In which we spot the Laffer Curve in the wild again.
Tags: Timmy Elsewhere
// Sep 27, 2012 at 10:04 am
1) Governments always push marginal tax rates to a little past the peak of the Laffer curve
2) Therefore we can always increase revenue by cutting the marginal tax rate.
3) Applying (2) year after year, marginal tax rates will tend to zero.
4) Therefore the peak of the Laffer curve must be below zero.
5) I think I must have got this wrong somewhere.

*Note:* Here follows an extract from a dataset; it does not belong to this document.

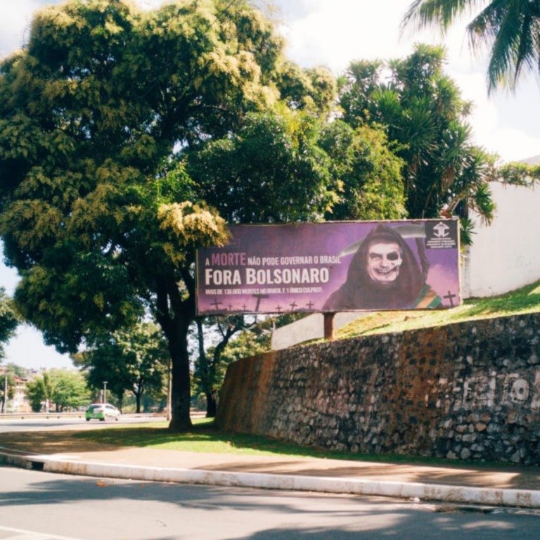 No outdoor, exibido em uma das áreas mais movimentadas de Salvador, estava escrito: “A morte não pode governar o Brasil. Fora Bolsonaro. Mais de 130 mil mortes e um único culpado”.

// Sep 27, 2012 at 10:14 am
2 & 1 are contradictory.
If 1 is true, the 2 cannot happen.
If 2 is true, then 1 is false.
// Sep 27, 2012 at 11:53 am
1 & 2 can both be true.
This relies on the fact that politicians are sufficiently stupid that despite knowing perfectly well that (2) is true, they never proceed to attempt the first half of (3) by doing anything about it.
This is of course a long-winded way of re-writing point (1).
// Sep 27, 2012 at 5:28 pm
Step 2.5) But we don’t, so go back to 1) and skip the rest.
// Sep 28, 2012 at 1:23 am
Contrary to what everyone else on this thread seems to think, the top income tax rate was reduced in the UK in 1971, 1979, 1988, and 2012. The top rate in the USA was reduced in 1964, 1982, 1988, and 2003.
// Sep 28, 2012 at 10:17 am
Applying (2) year after year, marginal tax rates will tend to zero.
Not necessarily. You can have a decreasing sequence with a non-zero limit. It just requires a degree of sophistication not normally found at the Treasury to grasp the point.